Bring in the necessary imports and available CPUs

This part of the code will look similar to the post on optimising model training:

from time import time
from sklearn.datasets import make_classification
from sklearn.model_selection import RepeatedStratifiedKFold
from sklearn.ensemble import RandomForestClassifier
from sklearn.model_selection import cross_val_score
import os
import matplotlib.pyplot as plt


# Get CPU cores
cpu_count = os.cpu_count()
print(f"This machine has {cpu_count} cores")
reserved_cpu = 1
final_cpu = int(cpu_count - reserved_cpu)
print("Saving one CPU so my PC does not lock up")

Please refer to the previous post on what this is doing, as the GPU counts is detailed there.

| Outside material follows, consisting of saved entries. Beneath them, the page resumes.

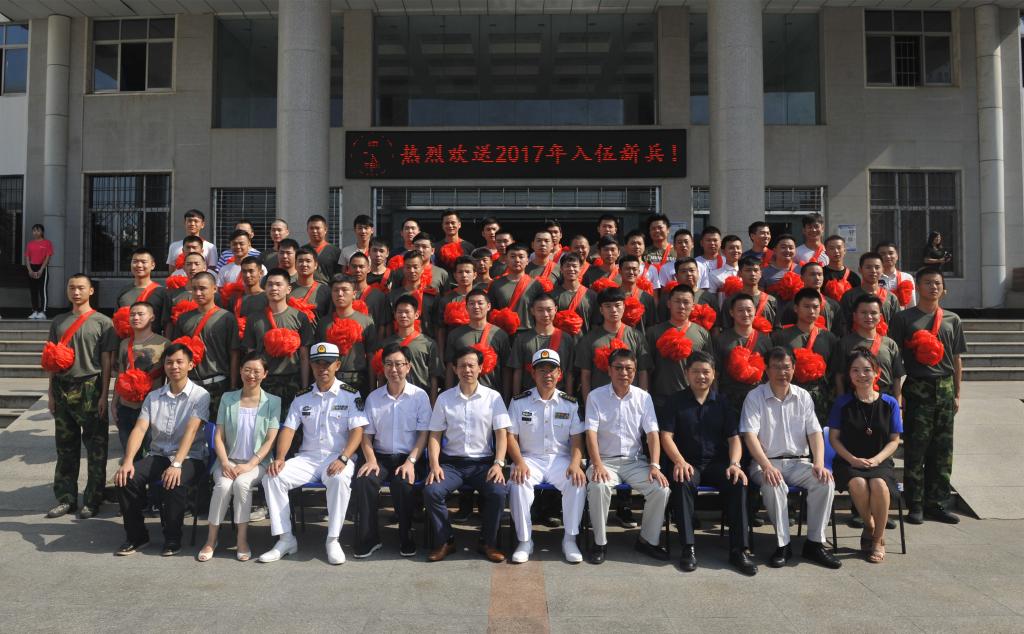 会后,学校领导、2017级军训团领导与72名入伍新兵在学校大楼前合影留念。(摄影/张鹏 高亚 吕义猛 饶蝶)
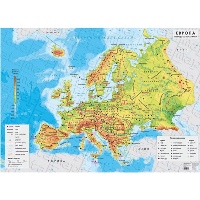 Стенна карта на Европа, физическа, 100 x 70 cm
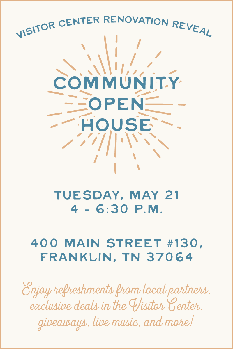 We invite you to join us for an exclusive look at the newly renovated Visitor Center in downtown Franklin. We will have remarks from Vice Mayor Matt Brown and Visit Franklin’s President & CEO Maureen Thornton at 4:15 p.m. Attendees can then tour the space and enjoy refreshments.
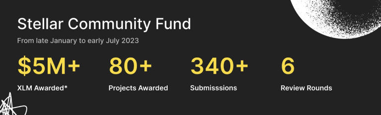The first half of 2023 was focused primarily on just this: attracting builders and entrepreneurs to experiment with Soroban’s preview releases and provide feedback through the $100M Soroban Adoption Fund. The fund is an umbrella for several programs including Fast, Cheap, and Out of Control (FCA00C), Sorobanathon, and the Stellar Community Fund (SCF): an open-application awards program to support teams building on Stellar and Soroban with up to $150,000 worth of XLM awarded for three-month long projects. In the past 6 months, SCF alone has processed:
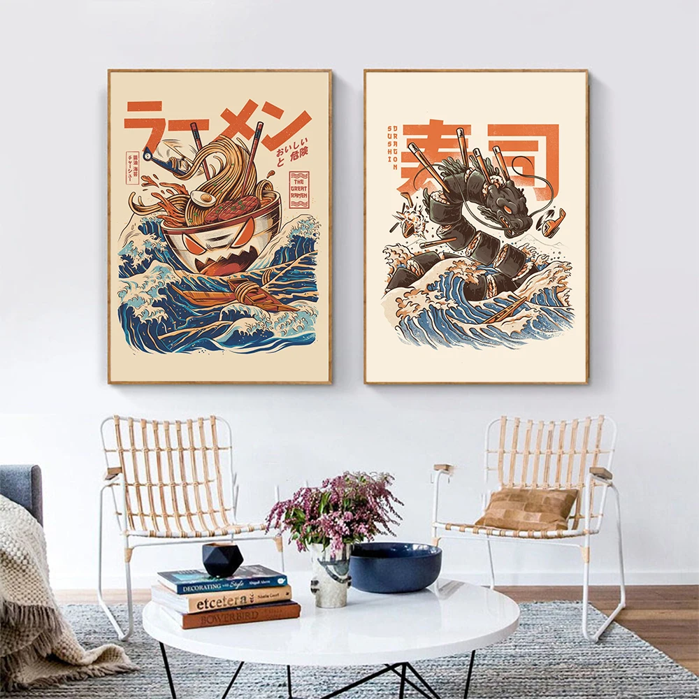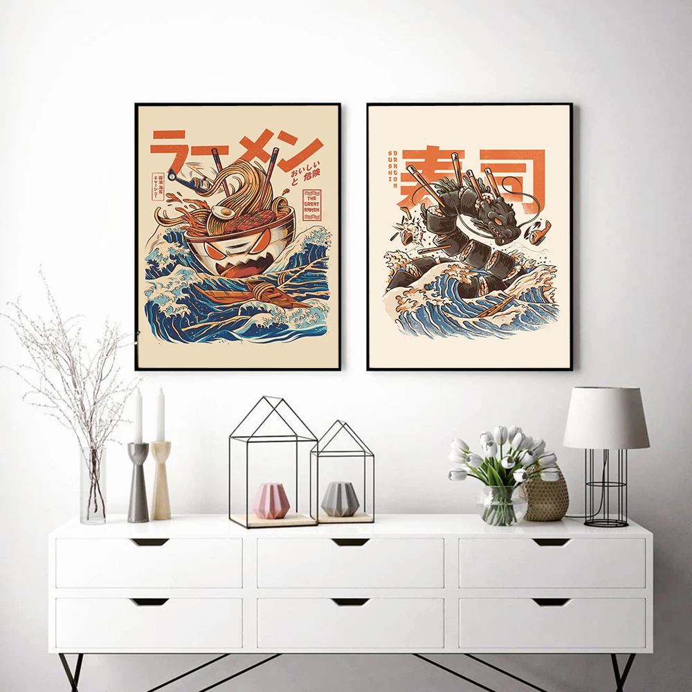 Настенная картина из японской еды, суши и рамен, абстрактные животные, картины дракона, Настенная картина для кухни, ресторана, домашний декор

Create the dataset and fit a ML classifier

This is the same as before, albeit we are fitting a smaller dataset, as this will involve resampling and the length of the training can increase exponentially. Creating the dataset:

#------------------------------------------------------------------------------
# Create the dataset
#------------------------------------------------------------------------------
X, Y = make_classification(n_samples=1000,
                           n_features=20, 
                           n_informative=15,
                           n_redundant=5)

model = RandomForestClassifier(n_estimators=100, n_jobs=1)

I will fit a Random Forest with 100 decision trees. I also do not enact parallelism at this stage.

Create the function for optimising the cross validation scoring

The function hereunder will be explained in depth under the code block:

#------------------------------------------------------------------------------
# Build function to optimise cv_score
#------------------------------------------------------------------------------
def cross_val_optimised(model, X, Y, workers):
    # Define the evaluation procedure
    strat_cv = RepeatedStratifiedKFold(n_splits=10, n_repeats=3)
    #Start the timer
    start = time()
    model_result = cross_val_score(model, X, Y, scoring="accuracy",
                    cv=strat_cv, n_jobs=workers)
    end = time()
    result = end - start
    print("[MODEL EVALUATION INFO] run time is {:.3f}".format(result))
    return [result, model_result]

strat_cv – states that we want to undertake repeated stratified K fold resampling – the n_splits relates to the K parameter of the folds and the number of repeats says I want 10 splits, but I want to repeat each 3 times.
start – this is the current time and will stored when this variable is assigned and created
model_result – this is the main part of the function and this is the function we are going to make parallel:
- model parameter – this is the model we fitted prior
- X – the independent variables dataset, or array
- Y – the dependent variable array
- cv – this is the strat_cv method
- n_jobs = workers – this will be what we iterate over to look at the performance of the models
end – the end time
result – how long the model ran in seconds. For long processes this might need to be converted to minutes/hours to provide more sensible feedback
The function prints out the run time of the model
The return statement outputs a list containing the result i.e. how long the model took to run and the model_result that is actually the specific fitted model.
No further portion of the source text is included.